A Missed Milestone
As Chairman for a nonprofit, I was given the opportunity to speak at the upcoming Countdown to Kindergarten event. As the even neared, it hit me that I should have attended this event with my 3rd child; however, I would be attending solo. When I arrived, I received several questionable looks as to why I was there. Inside, I wanted to tell them that I really should be there and that my daughter should know their child by name. Ironically, the kickoff to kindergarten was the same week that Ella was born “sleeping” and this year, she would have celebrated her 5th birthday.
Sometimes milestones can kick you in the gut. Facebook memories can do the same by reminding me of how I looked at 35 weeks pregnant with my 3rd child. This year, I could have a HUGE pity party but surprisingly, I’m ok. I know, I surprised myself, too! I had been anticipating this day of what it would feel like to not be preparing for kindergarten. I am ok. I may not be ok every day but today I’m ok and I survived a significant milestone. Today that will be good enough.
“So we do not lose heart. Though our outer self is wasting away, our inner self is being renewed day by day. For this light momentary affliction is preparing for us an eternal weight of glory beyond all comparison, as we look not to the things that are seen but to the things that are unseen. For the things that are seen are transient, but the things that are unseen are eternal.”- 2 Corinthians 4:16-18
What you see in someone’s external appearance does not always truly reflect their inner self. Having a stillborn baby five years ago still hurts. Tomorrow, we will still do our annual balloon release at the cemetery. I will still have to remind my other children why I am upset and why we are releasing balloons. I still feel like I failed my daughter, but I’m going to keep my head up and continue on because I know wallowing in my guilt will not bring her back.
If you know someone who has lost a child or anyone for that matter, be kind around the milestones. You may think we’re fragile and sometimes we are. Other times we may lose it but with your love & support, we can continue on. Grief is a like riding a roller coaster in the dark lots of unexpected twists & turns. Some of the turns get you & others do not.

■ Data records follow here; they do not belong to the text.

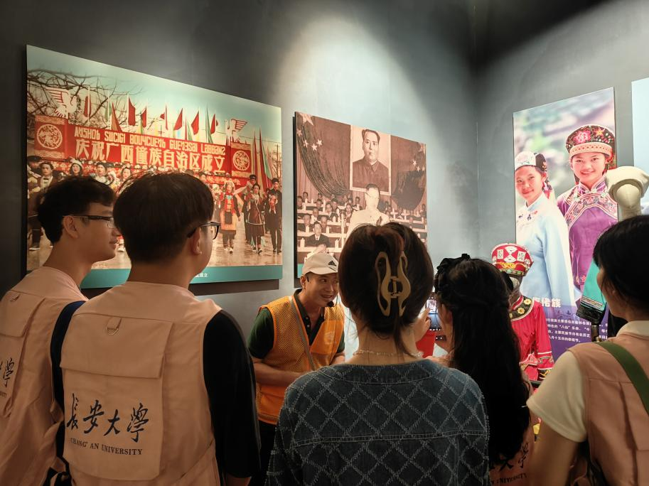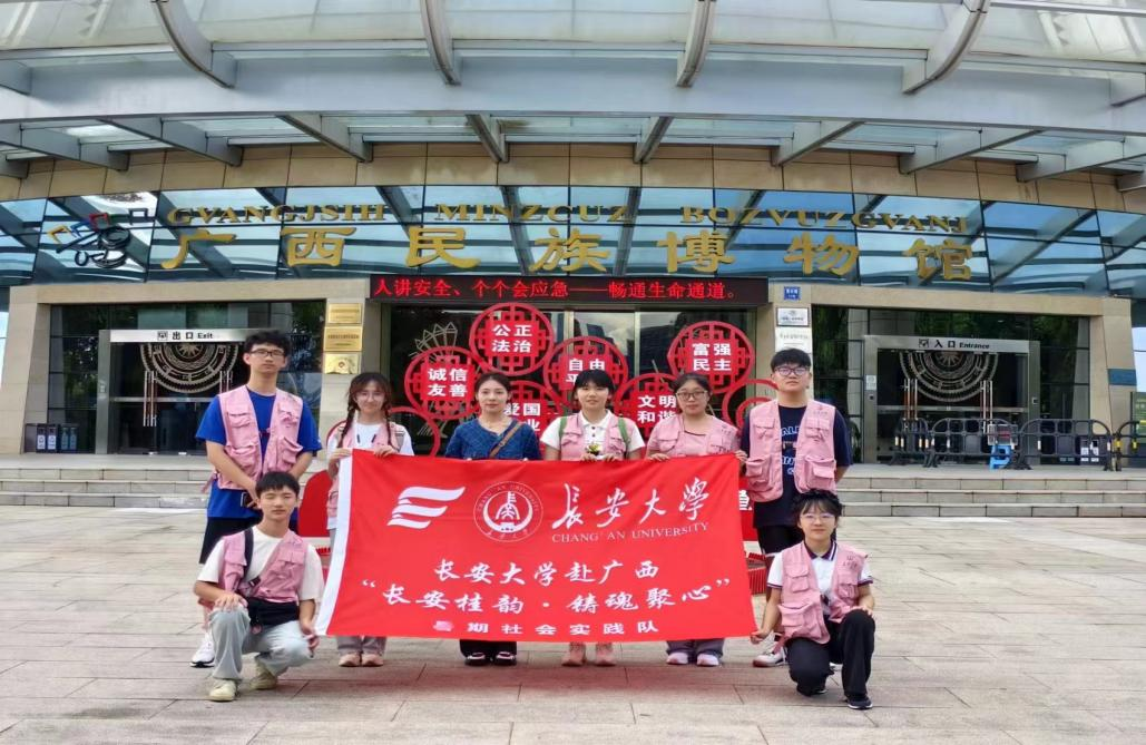 文化认同是最深层次的认同。为进一步增强大学生文化自信,深入开展大学生铸牢中华民族共同体意识教育。7月24日,在指导老师姜雨彤的带领下,永利yl23411永利yl23411赴广西“长安桂韵·铸魂聚心”暑期社会实践队前往广西民族博物馆,参观铸牢中华民族共同体意识历史文化展。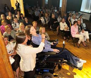 Następnie wystąpiła Joanna Gierz, która podzieliła się swoją historią i doświadczeniem. Jako osoba poruszająca się na wózku podkreśliła wagę rozwiązań zapewniających dostępność w przestrzeni publicznej, w zapobieganiu izolacji i wyrównywaniu szans. Opisała także swoje doświadczenia z programem „Samodzielność – Aktywność – Mobilność” realizowanym przez PFRON, którego wsparciem została objęta.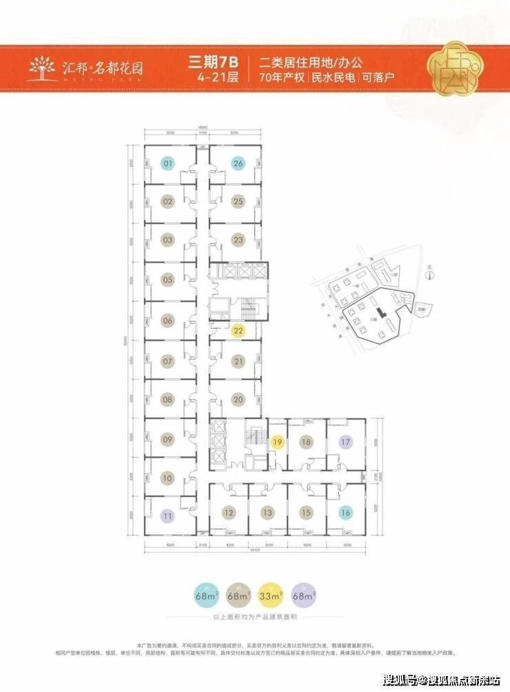汇邦名都花园【70年产权商务公寓】,在售户型和价格: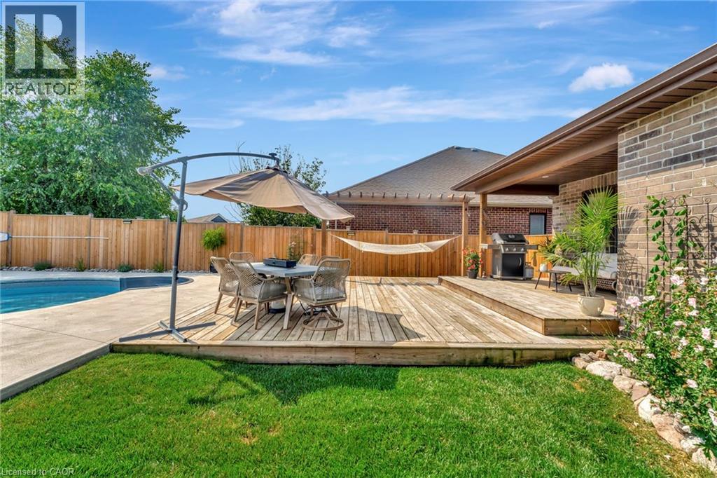 Welcome to this beautifully maintained 2+1 bedroom, 2 bathroom brick bungalow in Delhi, Ontario — offering stylish finishes, functional living space, and your own backyard oasis. Step inside to a welcoming foyer that leads to a bright front bedroom and convenient 4-piece bathroom — perfect for guests or a home office. The open-concept living room is warm and inviting, anchored by a stunning stone fireplace that creates the perfect focal point for relaxing or entertaining. The gorgeous quartz kitchen features rich dark wood cabinetry, a breakfast bar with pendant lighting, and a dedicated dining area with sliding doors leading to your outdoor patio. Just off the kitchen, the spacious primary bedroom retreat offers a luxurious 5-piece ensuite. Main floor laundry adds everyday convenience. Downstairs, the partially finished basement provides a large recreation room and an additional bedroom — ideal for guests, teens, or extended family— plus a bathroom rough-in offering the opportunity to easily add a third full bathroom. Step outside and experience your own private paradise. The expansive wood deck with a built-in hammock extends your living space, while the exposed concrete with stamped edging adds a polished touch. Enjoy summers by the beautiful heated 16x32 South Coast inground pool, all maintained effortlessly with a 4-zone Rain Bird irrigation system. This home blends comfort, style, and outdoor luxury — a true standout in Delhi. (id:64974)
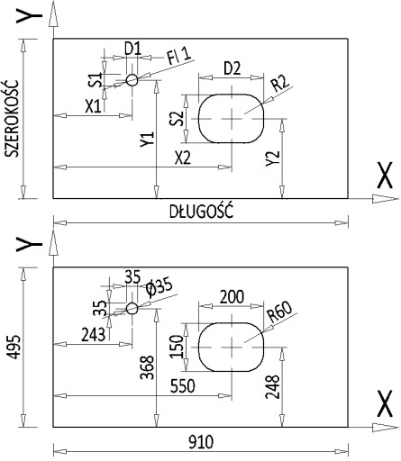 - Jeśli chcemy otwór np pod umywalkę to proszę podać jego osie (środek) X2=..., Y2=... i wymiary , D2=..., S2=.... Można też podać promień zaokrąglenia R2=...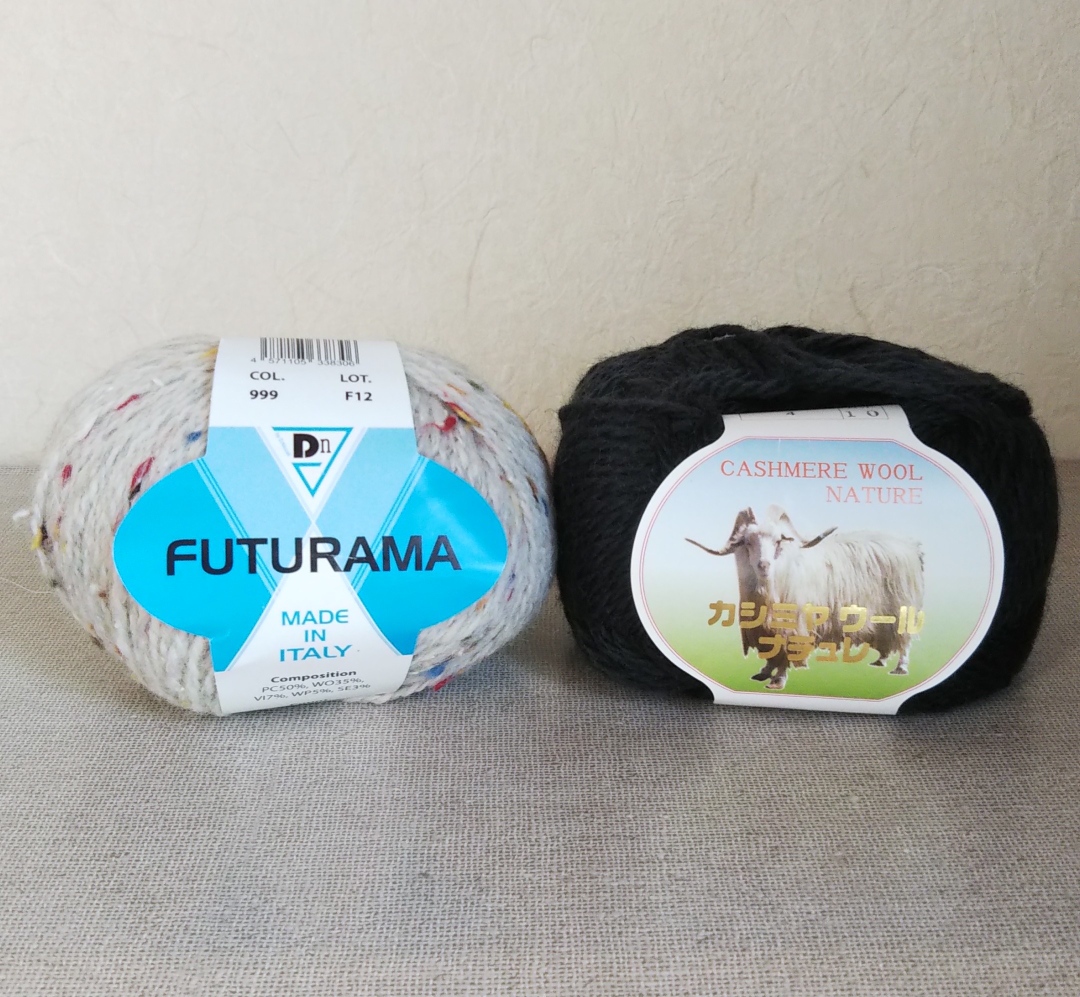 使用毛糸/カシミアウールナチュレ70g、FUTURAMA45g(どちらもユザワヤ)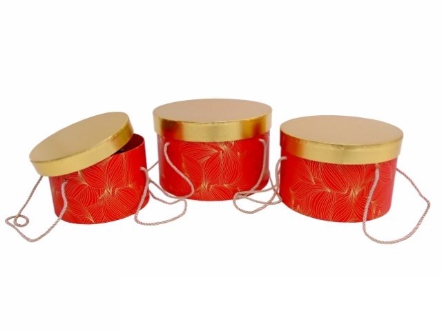 CONJ. 3 CAIXAS CARTAO RED. COR VERMELHO/OURO 27X17CM

“But he said to me, “My grace is sufficient for you, for my power is made perfect in weakness.” Therefore I will boast all the more gladly of my weaknesses, so that the power of Christ may rest upon me. For the sake of Christ, then, I am content with weaknesses, insults, hardships, persecutions, and calamities. For when I am weak, then I am strong.” 2 Corinthians 12:9-10 Today I celebrate surviving another milestone and I await the day that I am able to hold EC in my arms again.